* Dataset excerpt

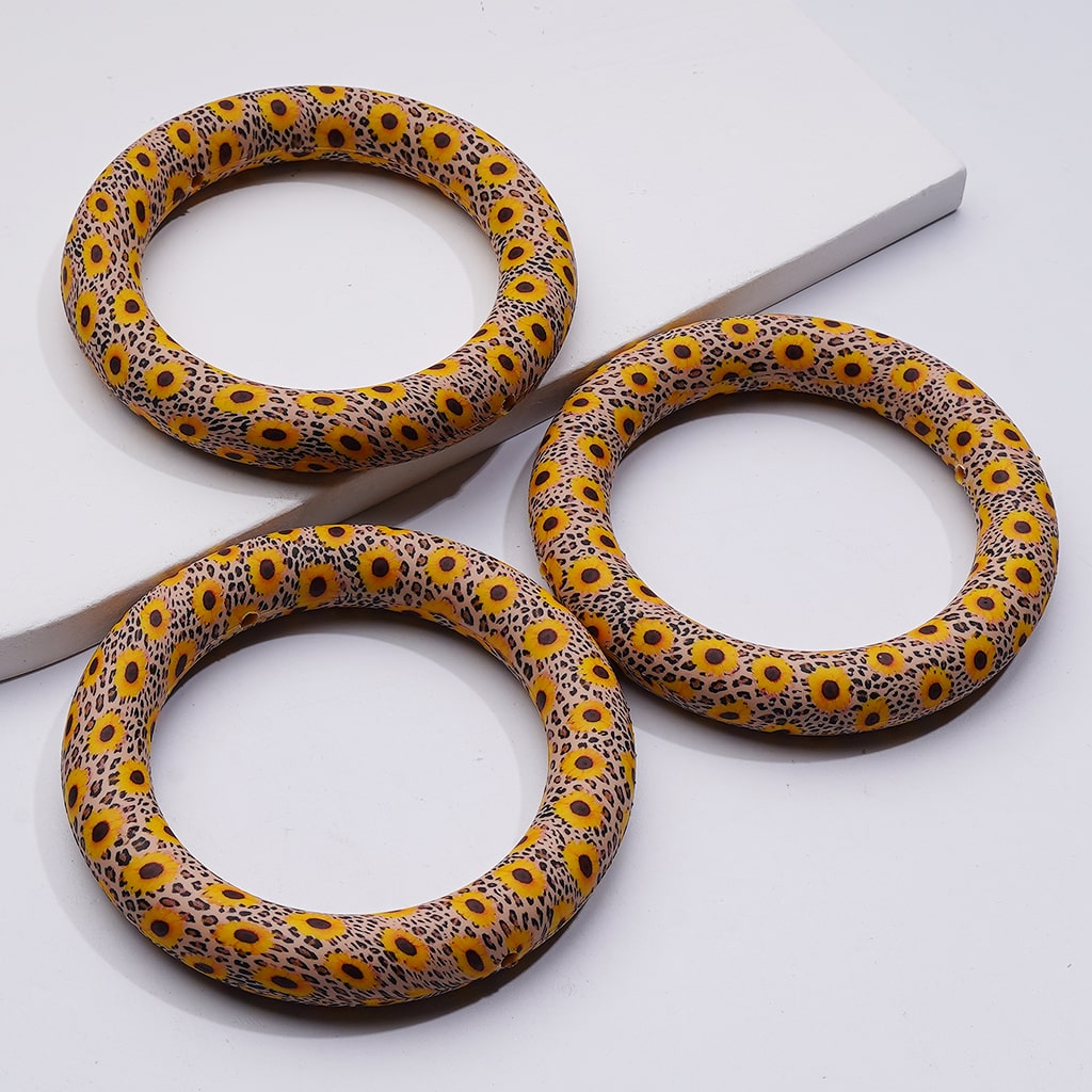 Cute Sun Flower Jaguar Prints Silicone Ring Frame Bead Circle Round Soft Car Hanger Charm Loop 65mm
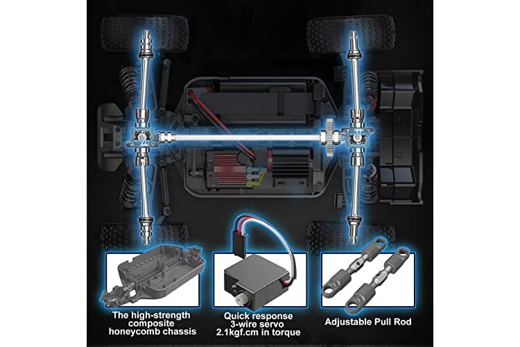 Built for the Track: The front short and rear long oil-filled shock settings better reduce drag in off-road races, and the downforce of the rear wing during the process of rapid power acceleration, and the long suspension at the rear end can better support the vehicle to maintain balance. At the same time, when jumping off-road, the long rear shock ensures that the chassis will not hit the ground.
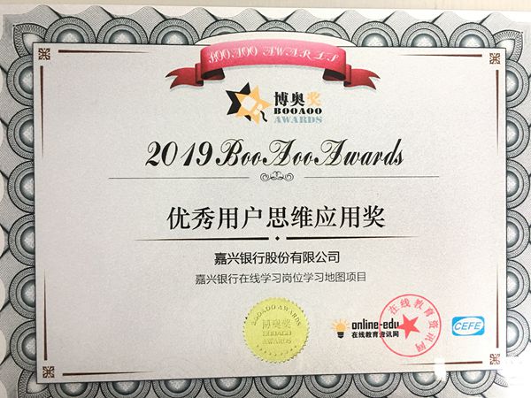 近日,中国企业在线学习大会暨2019年企业在线学习博奥奖颁奖仪式举行,嘉兴银行在线学习平台——“随e学”学习地图项目荣获2019年博奥奖之“优秀用户思维应用奖”。
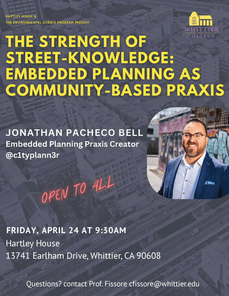 This talk introduces a new method of urban planning called Embedded Planning Praxis. Embedded Planning revolutionizes practice by emphasizing street-level planning within the community rather than traditional desk-based methods. Developed by Jonathan Pacheco Bell in South Central LA as an outgrowth of code enforcement work, Embedded Planning has evolved into a community-based praxis that seeks to rebuild trust and foster meaningful relationships with marginalized communities historically harmed by inequitable planning.

* Task instructions
Your task is an exact transcription of all the data, minus the pictures.

* Output for this exercise
 Cute Sun Flower Jaguar Prints Silicone Ring Frame Bead Circle Round Soft Car Hanger Charm Loop 65mm
 Built for the Track: The front short and rear long oil-filled shock settings better reduce drag in off-road races, and the downforce of the rear wing during the process of rapid power acceleration, and the long suspension at the rear end can better support the vehicle to maintain balance. At the same time, when jumping off-road, the long rear shock ensures that the chassis will not hit the ground.
 近日,中国企业在线学习大会暨2019年企业在线学习博奥奖颁奖仪式举行,嘉兴银行在线学习平台——“随e学”学习地图项目荣获2019年博奥奖之“优秀用户思维应用奖”。
 This talk introduces a new method of urban planning called Embedded Planning Praxis. Embedded Planning revolutionizes practice by emphasizing street-level planning within the community rather than traditional desk-based methods. Developed by Jonathan Pacheco Bell in South Central LA as an outgrowth of code enforcement work, Embedded Planning has evolved into a community-based praxis that seeks to rebuild trust and foster meaningful relationships with marginalized communities historically harmed by inequitable planning.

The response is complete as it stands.